Sejak tiba di Surabaya, pasukan sekutu dari Brigade 49 sangat sombong dan sangat percaya diri karena mereka baru saja mengalahkan salah satu pasukan terkuat di dunia yaitu pasukan Jepang dari pertempuran Birma sampai Semenanjung Malaya.

Baca Juga : 

Brigadir Mallaby tiba di Surabaya dengan membawa Batalyon Infanteri Maratha yang terlatih dalam perang kota dan Batalyon Rajputna yang mampu menjadi pasukan penghancur dengan senapan mesinnya yang juga dilengkapi kendaraan lapis baja, angkutan militer dan para dokter dan perawat.

Anggota brigade ini terdiri dari orang-orang India yang berdinas dalam militer Inggris. yang bersorban biasanya orang Sikh, yang sering dianggap orang Gurkha yang biasanya bermata sipit dan tak bersorban. 

Pasukan ini menganggap pasukan Hizbullah dan arek Surabaya tak terlatih memegang senjata dengan baik.
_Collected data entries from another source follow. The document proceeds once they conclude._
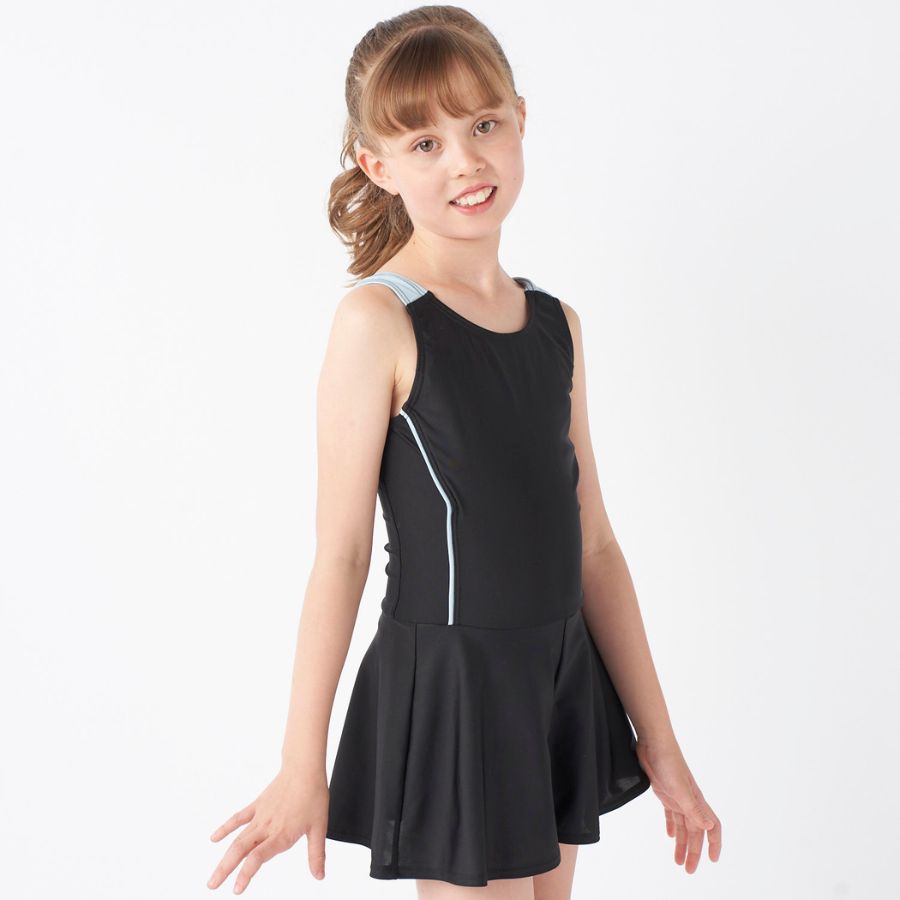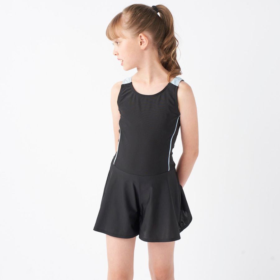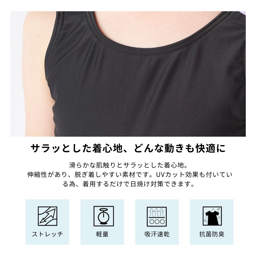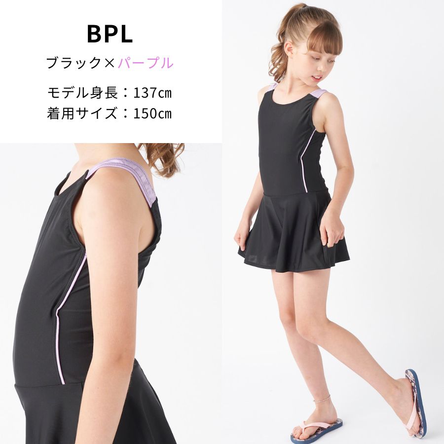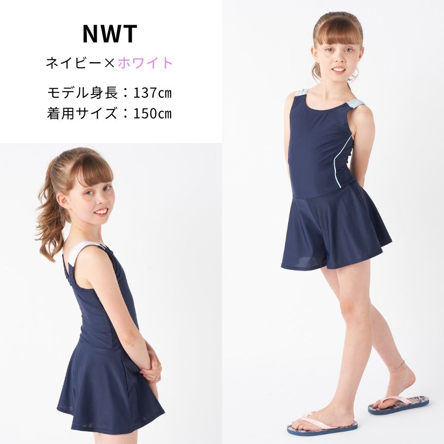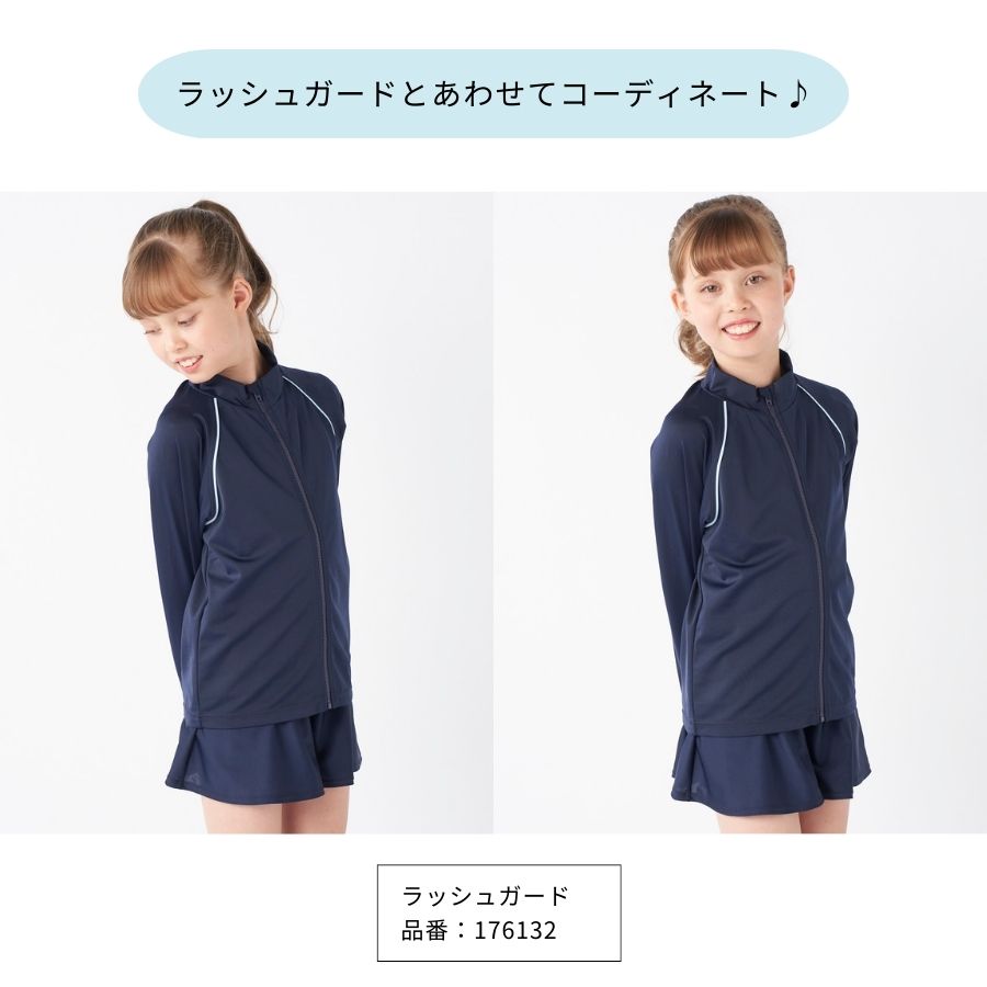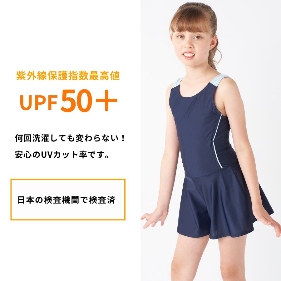 【キュロットワンピース】広がりすぎないAラインのキュロット部分がヒップラインを可愛くカバー。インナーが一体になっているので水中でもめくれ上がらない設計です。【UPF50+】紫外線遮蔽率90%以上、UPF最高値の生地を使用しており、紫外線をブロックします。【素材】伸びて動きやすい素材を使用。胸元・クロッチ部分には柔らかい裏地が付いています。【差込カップ対応】140以上のサイズには、裏地にカップを入れられるポケットが付いています。カップ別売り
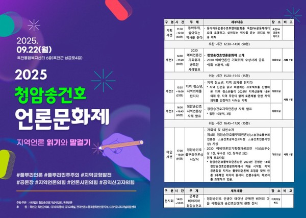 올해 청암송건호언론문화제는 ‘지역언론 읽기와 말걸기’를 주제로 열렸다. 오전 11시 30분 동아투위와 옥천FM이 공동 제작한 라디오 생방송 ‘동아투위, 살아있는 역사를 듣다’로 막을 올렸으며, 오후 세션은 청암송건호언론학교 소개와 함께 ‘2030 예비언론인 기획취재 공모전 사례 발표’로 이어졌다.
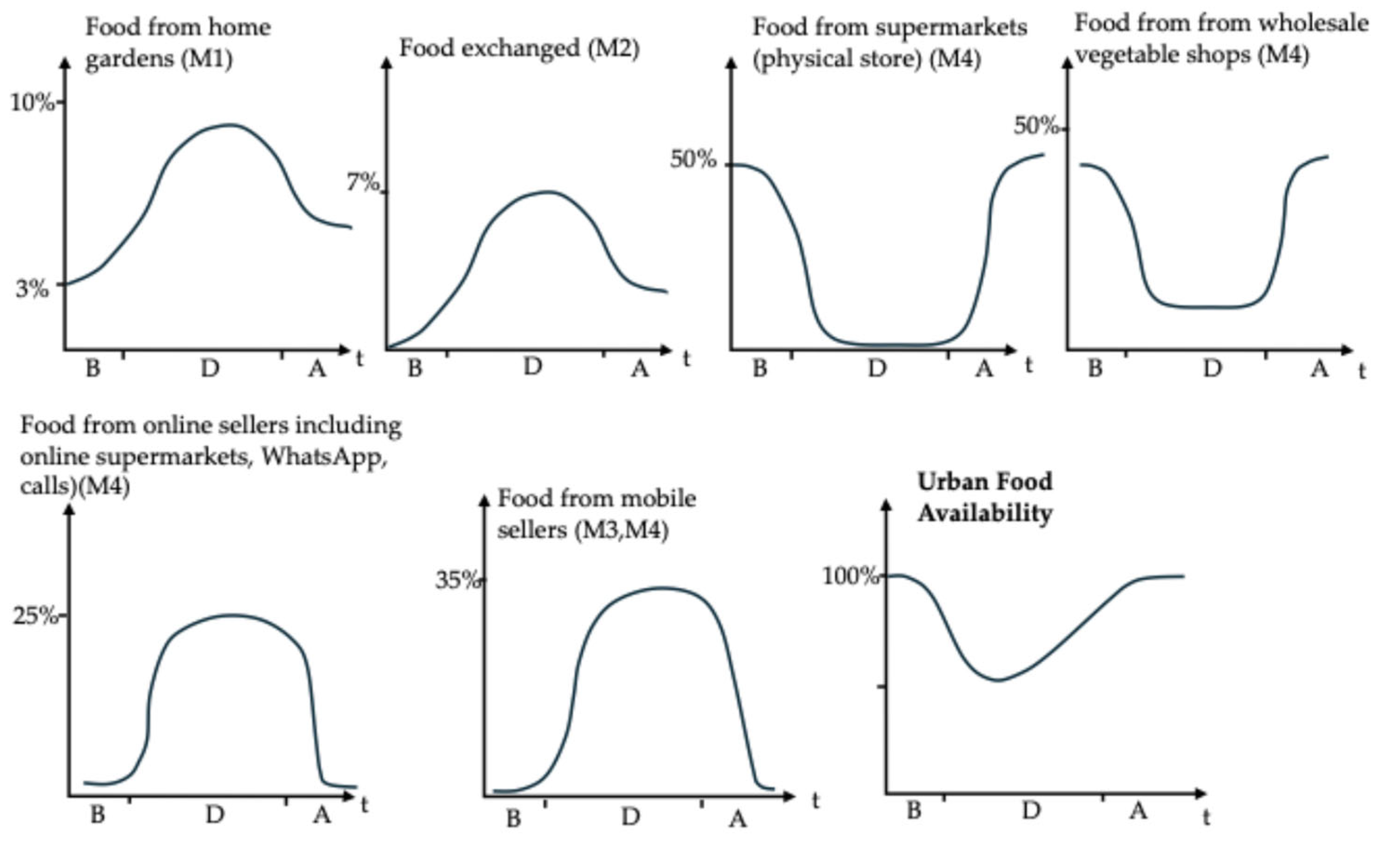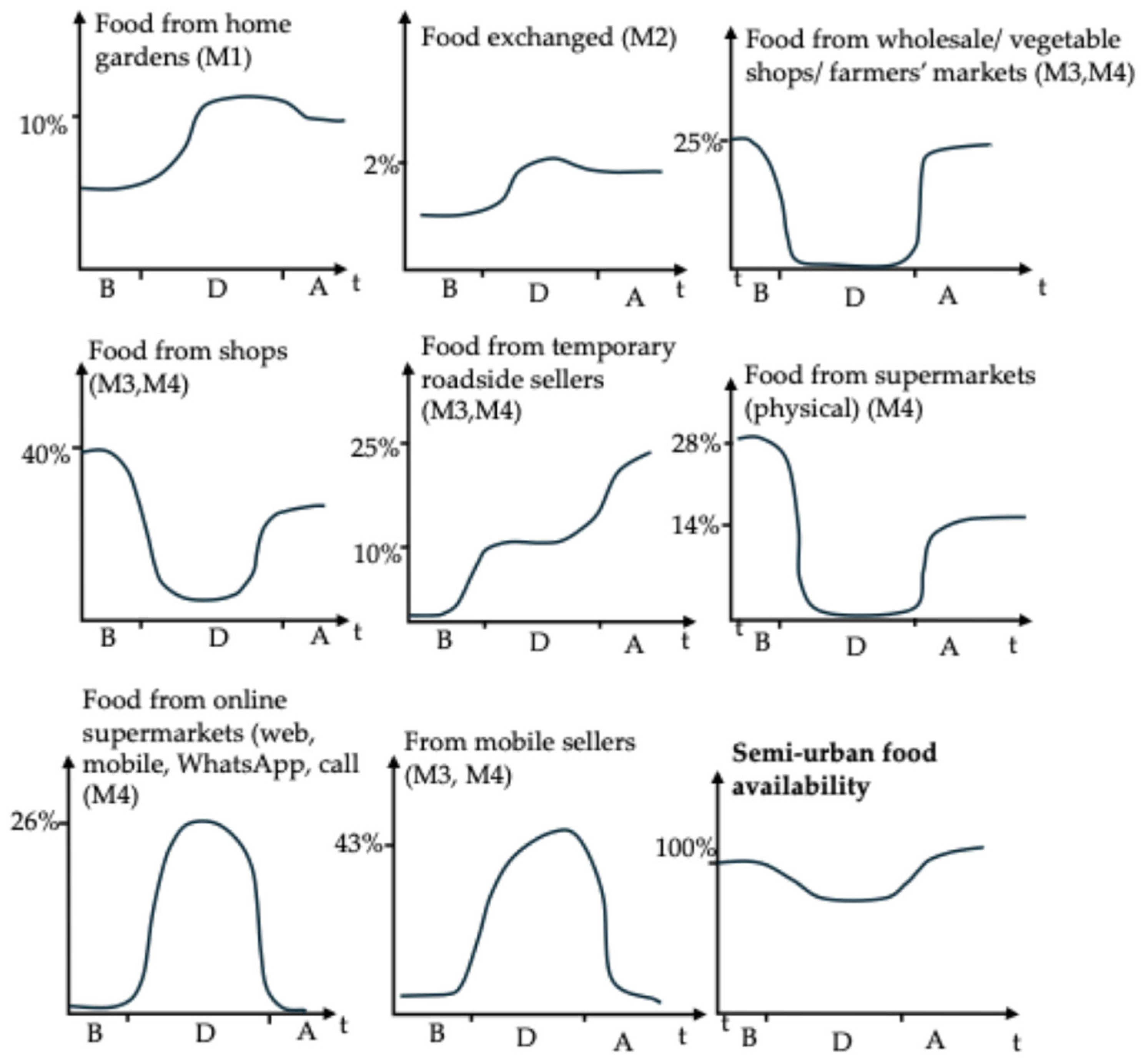 - Urban systems relied heavily on digitalised intermediaries (M4 online) and mobile sellers (M3) yet faced higher food insecurity due to space constraints and dependence on supermarkets.

Mereka tidak tahu bahwa pasukan Hizbullah yang terdiri dari jejaring santri telah dilatih perang oleh Jepang dalam pelatihan Pasukan Peta.

Pada 30 Oktober 1945 kerusuhan di depan Gedung Internatio menewaskan Jendral Mallaby yang membuat Inggris marah dan melakukan balasan tanpa ampun pada 1 November 1945.

HMS Sussex muncul di Pelabuhan Tanjung Perak dengan kapal yang akan mengangkut orang-orang sipil Eropa yang baru dibebaskan dari camp tawanan Jepang. Jumlahnya sekitar enam ribu hingga delapan ribu orang bekas tawanan Jepang. Selain itu, mereka juga membawa persenjataan modern dan tank-tank raksasa.

Selain ribuan pasukan darat tank, panser dan meriam-meriam artileri juga diturunkan dari kapal. Tewasnya Mallaby memubuat Inggris naik pitam dan mendatangkan Divisi V Malaya. Tak ketinggalan juga armada Laksamana Peterson yang terdiri satu kapal penjelajah dan tiga perusak.

Menurut catatan Inggris saat menyerang Surabaya tanggal 10 November dengan menggunakan satu divisi, satu brigade serta Angkatan Udara dan Angkatan Lautnya.

Sebelumnya pada 1 November 1945 Inggris mendaratkan 1500 pasukan melalui kapal HMS Cavalier dan HMS Carron. Dua hari kemudian, Panglima Divisi Infanteri Inggris India Kelima mendarat bersama 24 ribu prajurit yang diperkuat panser, tank dan meriam. 

Sedang sisa-sisa pasukan Mallaby masih ada sehingga kekuatan Inggris mencapai sekitar 31 ribu prajurit. Pada tanggal 9 November 1945 Jenderal Mansergh memberi ultimatum agar orang-orang Indonesia di Surabaya segera menyerahkan senjata paling lambat pada pukul 6 pagi 10 November 1945. Mansergh juga menuntut agar orang yang bertanggungjawab atas tewasnya Mallaby diserahkan kepada Inggris sebagai wakil sekutu di Surabaya. 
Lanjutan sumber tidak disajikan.